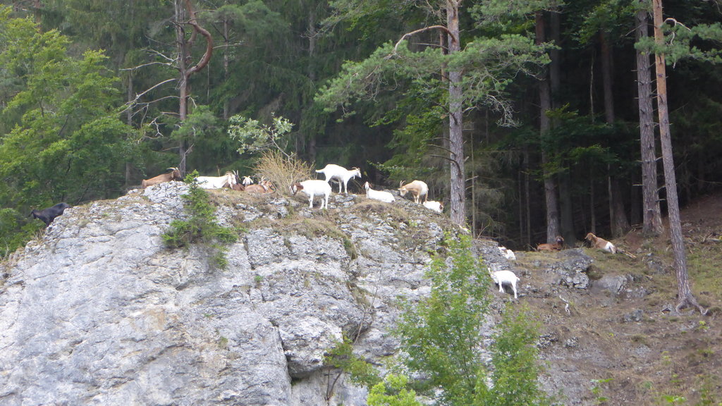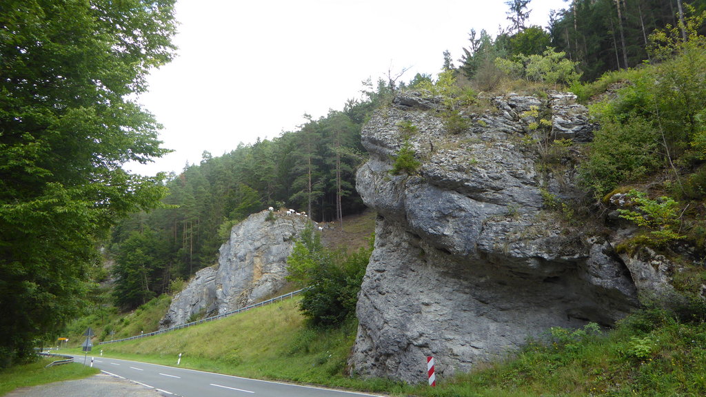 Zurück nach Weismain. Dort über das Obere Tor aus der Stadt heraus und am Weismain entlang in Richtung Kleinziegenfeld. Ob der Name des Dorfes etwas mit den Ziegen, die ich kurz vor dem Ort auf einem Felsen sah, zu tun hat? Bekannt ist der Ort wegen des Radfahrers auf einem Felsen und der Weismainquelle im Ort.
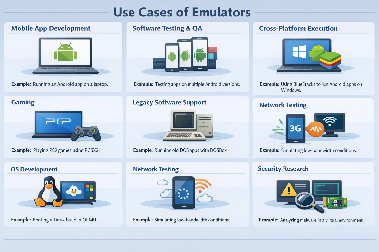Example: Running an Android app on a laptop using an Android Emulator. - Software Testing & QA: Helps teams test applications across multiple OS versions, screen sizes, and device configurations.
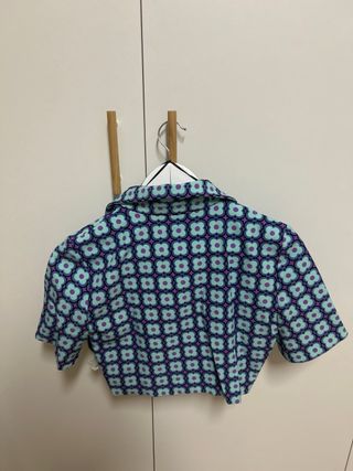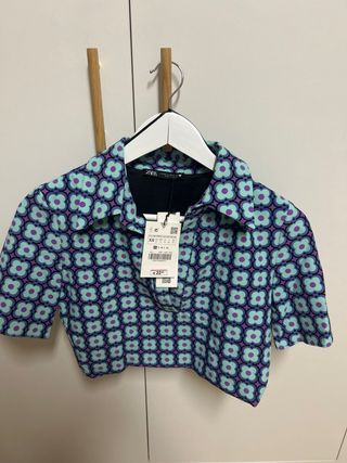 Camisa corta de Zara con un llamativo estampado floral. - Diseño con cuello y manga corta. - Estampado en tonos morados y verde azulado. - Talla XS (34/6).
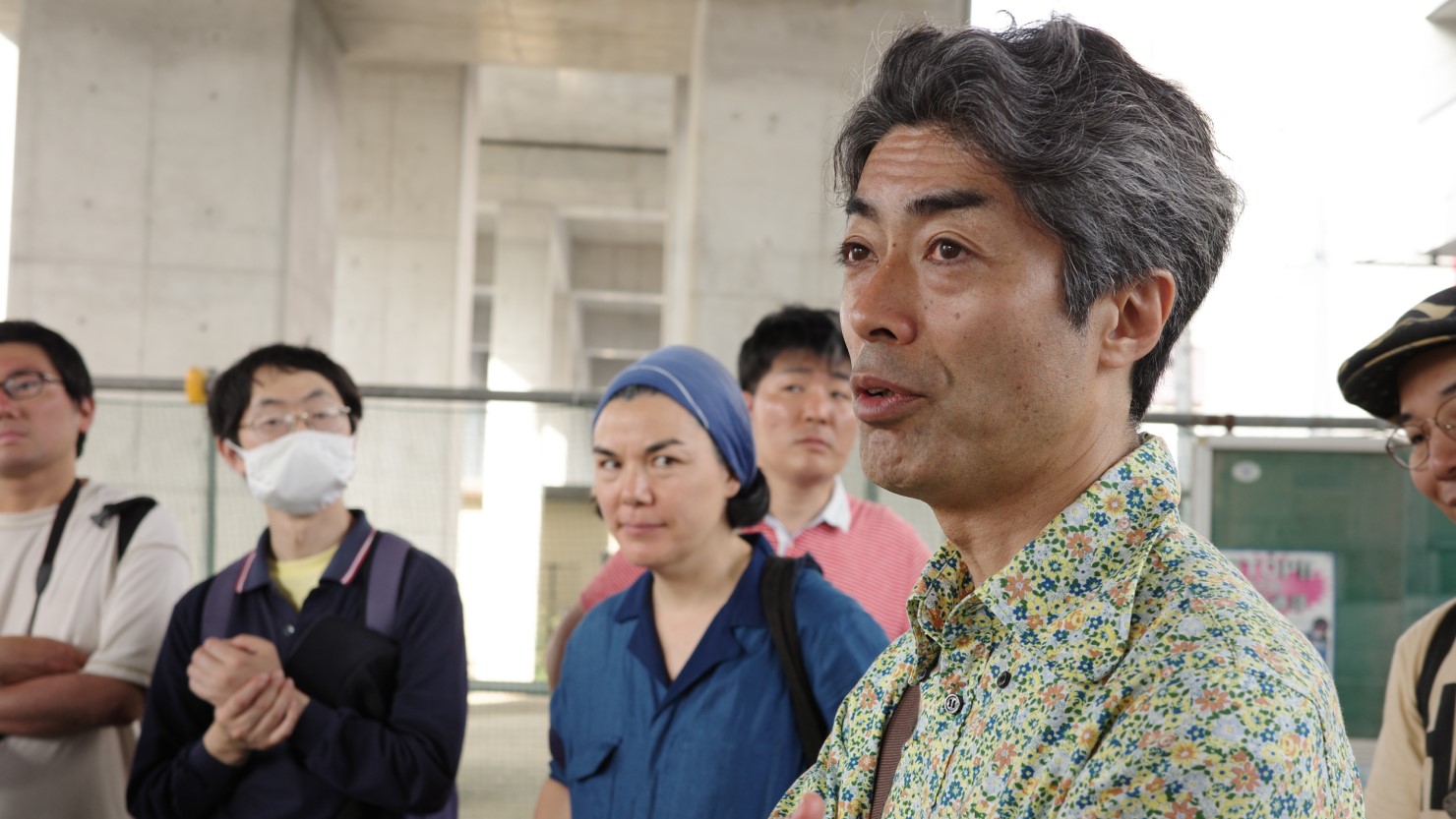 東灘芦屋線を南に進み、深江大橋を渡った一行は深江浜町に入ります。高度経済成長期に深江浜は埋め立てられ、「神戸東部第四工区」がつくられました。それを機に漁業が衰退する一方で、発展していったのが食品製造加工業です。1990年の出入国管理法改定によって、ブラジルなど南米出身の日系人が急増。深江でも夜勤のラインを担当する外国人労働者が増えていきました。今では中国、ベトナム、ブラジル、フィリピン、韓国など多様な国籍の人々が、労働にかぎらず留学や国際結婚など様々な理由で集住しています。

* * *

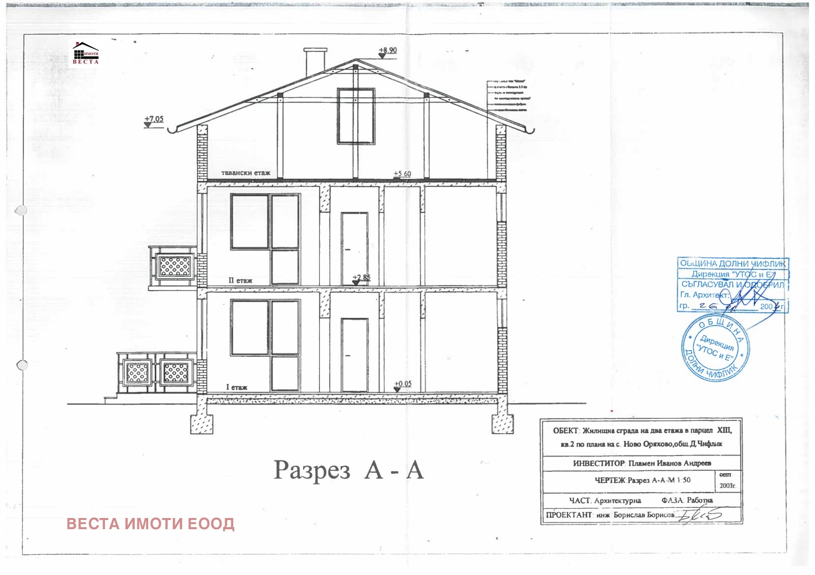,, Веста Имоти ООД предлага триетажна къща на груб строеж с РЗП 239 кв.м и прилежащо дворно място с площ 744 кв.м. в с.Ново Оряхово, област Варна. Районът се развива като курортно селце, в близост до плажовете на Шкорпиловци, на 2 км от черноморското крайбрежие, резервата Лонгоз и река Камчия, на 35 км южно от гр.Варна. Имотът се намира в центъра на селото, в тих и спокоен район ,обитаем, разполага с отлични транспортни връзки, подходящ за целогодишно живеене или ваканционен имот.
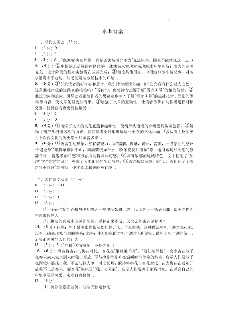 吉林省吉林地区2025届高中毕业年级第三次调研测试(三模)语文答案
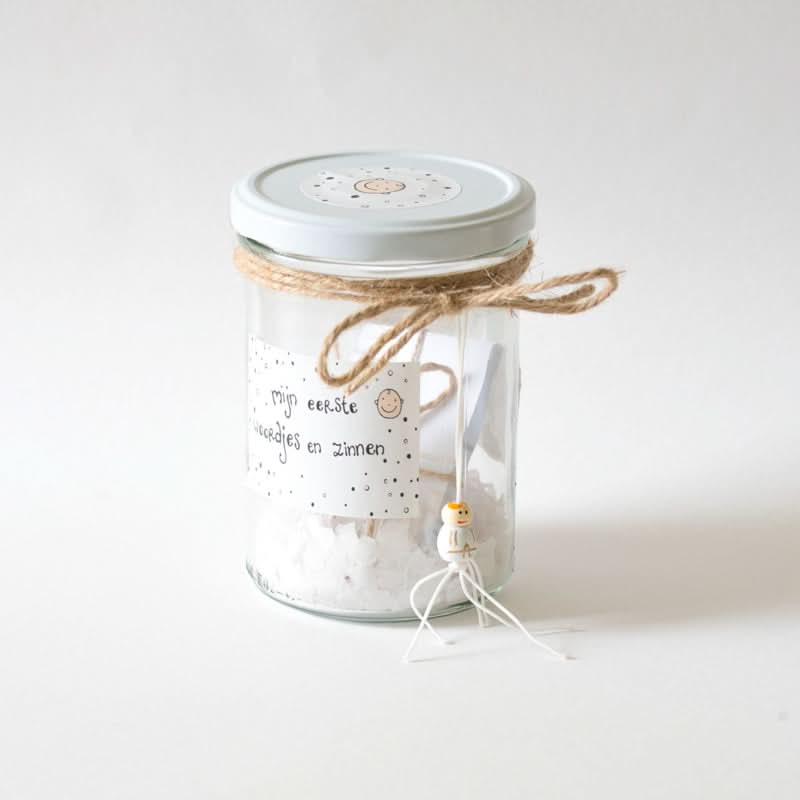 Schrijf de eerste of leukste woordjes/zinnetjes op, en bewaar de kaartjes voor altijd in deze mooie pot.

---

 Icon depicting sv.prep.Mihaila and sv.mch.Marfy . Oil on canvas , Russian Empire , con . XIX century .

About this task
Look above for the line with "吉林省吉林地区2025届高中毕业年级第三次调研测试(三模)语文答案"; quote it and every line after it, stopping after the line with "Schrijf de eerste", exactly, with nothing added and without pictures.

Result of the exercise
 吉林省吉林地区2025届高中毕业年级第三次调研测试(三模)语文答案
 Schrijf de eerste of leukste woordjes/zinnetjes op, en bewaar de kaartjes voor altijd in deze mooie pot.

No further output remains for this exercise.